About Contracts That Support Agile Ways of Working



One of a few under-served (ignored) dimensions of agile transformations that frequently limit chances for success is vendor management – and it can be traced back to legal contracts between a client company and supplier/vendor.

Vendor management norms and guidelines define relationships and interaction between a company’s own employees and external workers, individually and in team-level settings.  Unfortunately, this issue is not always obvious and therefore, is neither explicitly raised by inexperienced agile coaches, nor adequately addressed by senior leadership that is satisfied with limited results (could be also a sign of complacency).

There is a lot of improvement required in how corporate attorneys and vendor managers define, initiate and maintain external relationships with third parties.

This post provides a short summary of recommended improvements – they are  listed below.  It is based on a more comprehensive excerpt: Agile Contracts Primer, by T. Arbogast, C. Larman, B. Vodde.

(Also, please refer to Top-5 high-level recommendations for what to look for in vendors, selected for agile projects, in “Survival List to Vendor Selection on Agile Projects”)

Recommendations for Attorneys and Vendor Managers:
  • Acknowledge that Legal, just like Finance and HR can diminish project success if not considered as a part of agile ecosystem
  • Get rid of false dichotomies around the 3rd Agile Manifesto value: “just because we value customer collaboration than contract negotiation, it does not mean that a contract has no value” ?
  • Make sure that attorneys understand that a “successful contract” is not the main goal.  It is a successful project or product (delivery) that is the main goal.
  • Draw analogy between software project complexity and your own (if you are an attorney) legal work complexity, to appreciate how difficult it is to do precise upfront estimation on huge, unpredictable body of work
  • Understand how agile approaches can lower (not completely remove) friction around, such areas of contract negotiation as liability, warranty, payments, pricing, deliverable
  • Understand that external legal contracts have downstream impact on internal non-legal contracts – relationships between people
  • Understand repercussions of subjective incentives and rewards (bonuses), given to attorneys for legal outcomes (event if they are successful), instead of focusing on an overall project success
  • Understand/study agile and iterative development (e.g. Scrum, Kanban), system thinking concepts, lean principles and agile project assumptions differ from traditional project assumptions
  • Gain strong grasp of what Acceptance Criteria, Definition of Done, PSPI and MVP mean
  • Study how continuous deployment and incremental development can reduce risk and exposure, as oppose to sequential/waterfall SDLC that usually  increases it
  • Understand positive implications of agile ways of working Limited Liability and Warranty, Deliverable and Pricing
  • Specifically, with regards to Pricing, understand:
    • Variations of T&M contracts and why they are good for agile projects.  For example:
      • Fixed price per iteration (per unit of time), fixed-price per large project
      • Fixed price per unit of work
      • Pay-per-use models
      • Hybrid shared pain/gain models
      • Capped-Price, Variable-Scope vs. Capped-Price, Partial-Fixed-Scope vs. Fixed-Price, Variable-Scope
      • Target-cost
    • Reasons why FPFS contacts are least desirable/most risky and what are some of the ways of lowering such risks
    • Difference between flexible scope without and with penalty (shared gain/pain)
    • Early termination – does not mean failure
Conclusion

Contracts are not necessarily always bad.  Having an external, legal contract between a client and a vendor/service provider/supplier is perfectly normal and even necessary.  It is the form of a contract that matters, as it has downstream effect on dynamics and behaviors between people within a client company, as well as between the parties.

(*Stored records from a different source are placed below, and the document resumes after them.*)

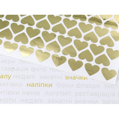 Предлагаем наклейки фигурные сердце золото. Имеется два размера 18х15мм и 30х25мм на выбор. В наборе 110шт. Наклейки на основе металлизированной пленки. Подойдут для наклейки на любую чистую гладкую поверхность: стекло, пластик, дерево, бумага, металл. Может быть любого размера и формы по запросу. Можна заказать 50 или 30шт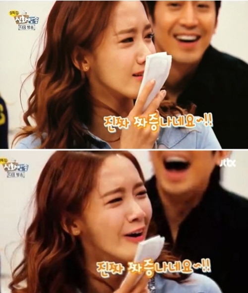 Yoona belatedly realizing it was a prank after suffering an embarrassing situation, shouted, "This is annoying" and poured out tears.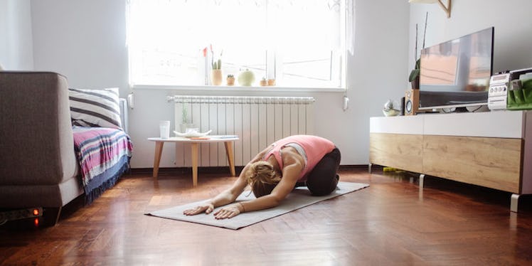 If there is enough space in the room with the TV, you can set up a yoga mat, weights and any other equipment you want to use.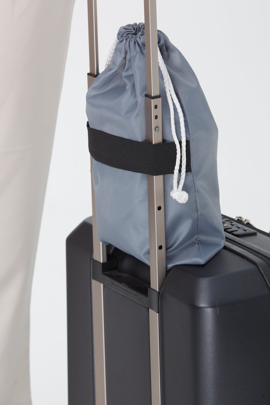 そして専用のポーチも付属。専用ポーチには伸縮バンドがついているので、スーツケース入りきらないときでも括り付けることも。旅行や出張でも気軽に持ち運びできます。

To produce a meaningful contract for an agile project, an attorney should have good understanding of what is valued most in agile work, by agile teams, and optimize his/her own work for the benefit of an overall project, not just for having an amazing contract (locally optimized for an attorney’s benefit).  To gain such understanding a legal professional needs to invest significantly in studying principles of agile/adaptive product development (e.g. Scrum, Kanban), lean and system thinking.

Some of the above listed contract types are more supportive of agile work than others and each once must be explored in detail for suitability, depending on unique organizational settings.